═════ Available data
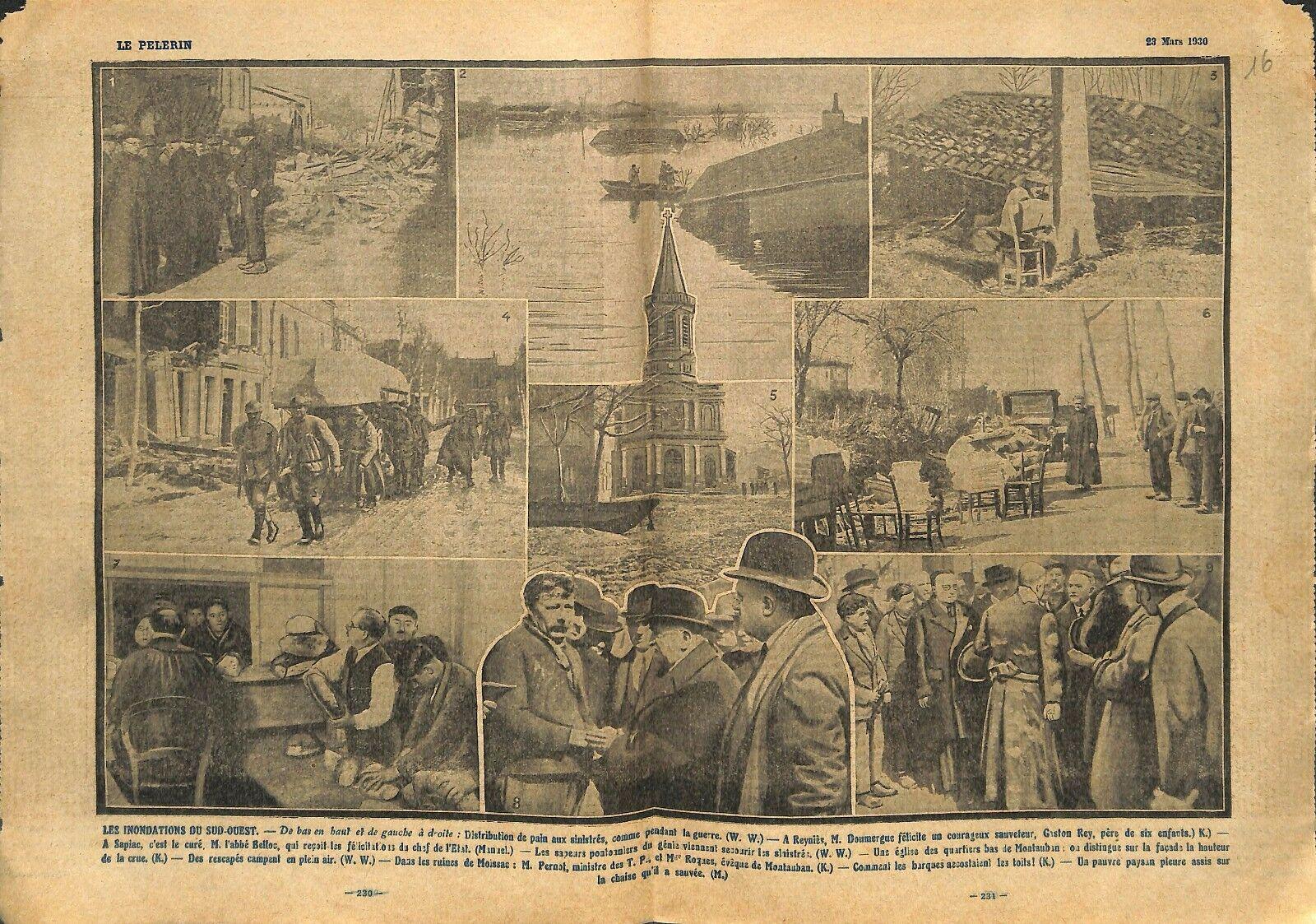 Localement, les communes s’organisent. Afin de protéger les habitants des convois sont lancés dans le but de transporter les villageois sinistrés, qui bénéficient alors de l’hospitalité des villages voisins d’Orgueil, Labastide-Saint-Pierre ou encore Villebrumier. Moteur de l’effort de reconstruction, une puissante dynamique d’entraide se met également en place, mobilisant de nombreux acteurs. Grâce aux relations du Général de Seguin de Reyniès, en garnison à Besançon, du Doubs et de la Haute-Marne proviennent alors des vêtements, outils, cuisinières, poêles, meubles, charrettes et cheptel, tandis que des programmes d’aide sont montés par des écoles, des gérants d’usines tel Albert Brémant, Reyniésien gérant du Moulin de Saliens, ou encore par le journal “L’Ami du Peuple”, basé à Paris, voient le jour. L’écho de la catastrophe traversera même les frontières, certains pays apportent leur soutien aux sinistrés français à l’instar du roi Georges V du Royaume-Uni qui a envoyé un télégramme au président de la république. Il lui dit ceci : « J’ai appris avec le plus profond regret les inondations désastreuses qui ont désolé de si vastes régions dans le sud et le Sud-Ouest de la France et je m’empresse de vous exprimer, Monsieur le Président, ma profonde sympathie pour les victimes et particulièrement pour ceux qui sont en deuil par suite de la perte déplorable des vies causées par ce désastre.».
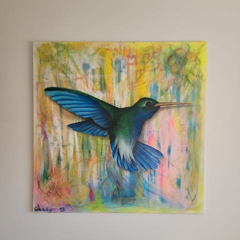 Flot farverig maleri fra 2019,måler 1×1 meter
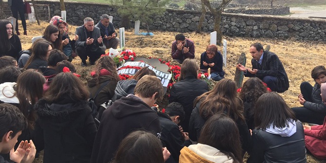 Atakent Anadolu Lisesi Müdürü Hakan Saral, 5 öğretmen, 8 veli ve 33 öğrenci Manisa’ya bağlı Şakran Köseler köyündeki mezarını ziyaretleri sırasında ağlayanların olması dikkat çekti.
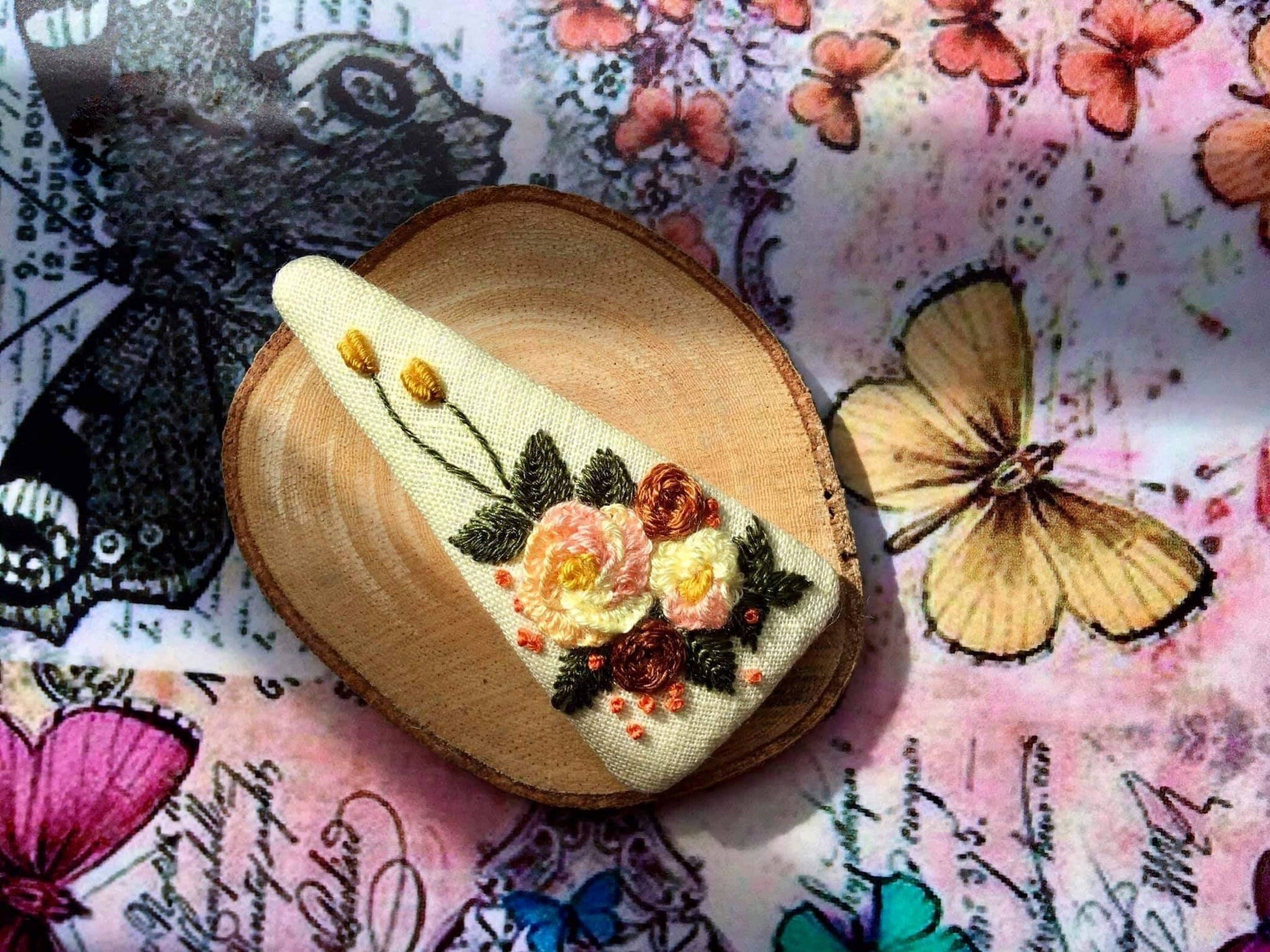 Floral Hand Embroidered Hair Clip
══════════
# Task to complete
Give the data again exactly as it appears, but without any images.

# Output for this exercise
 Localement, les communes s’organisent. Afin de protéger les habitants des convois sont lancés dans le but de transporter les villageois sinistrés, qui bénéficient alors de l’hospitalité des villages voisins d’Orgueil, Labastide-Saint-Pierre ou encore Villebrumier. Moteur de l’effort de reconstruction, une puissante dynamique d’entraide se met également en place, mobilisant de nombreux acteurs. Grâce aux relations du Général de Seguin de Reyniès, en garnison à Besançon, du Doubs et de la Haute-Marne proviennent alors des vêtements, outils, cuisinières, poêles, meubles, charrettes et cheptel, tandis que des programmes d’aide sont montés par des écoles, des gérants d’usines tel Albert Brémant, Reyniésien gérant du Moulin de Saliens, ou encore par le journal “L’Ami du Peuple”, basé à Paris, voient le jour. L’écho de la catastrophe traversera même les frontières, certains pays apportent leur soutien aux sinistrés français à l’instar du roi Georges V du Royaume-Uni qui a envoyé un télégramme au président de la république. Il lui dit ceci : « J’ai appris avec le plus profond regret les inondations désastreuses qui ont désolé de si vastes régions dans le sud et le Sud-Ouest de la France et je m’empresse de vous exprimer, Monsieur le Président, ma profonde sympathie pour les victimes et particulièrement pour ceux qui sont en deuil par suite de la perte déplorable des vies causées par ce désastre.».
 Flot farverig maleri fra 2019,måler 1×1 meter
 Atakent Anadolu Lisesi Müdürü Hakan Saral, 5 öğretmen, 8 veli ve 33 öğrenci Manisa’ya bağlı Şakran Köseler köyündeki mezarını ziyaretleri sırasında ağlayanların olması dikkat çekti.
 Floral Hand Embroidered Hair Clip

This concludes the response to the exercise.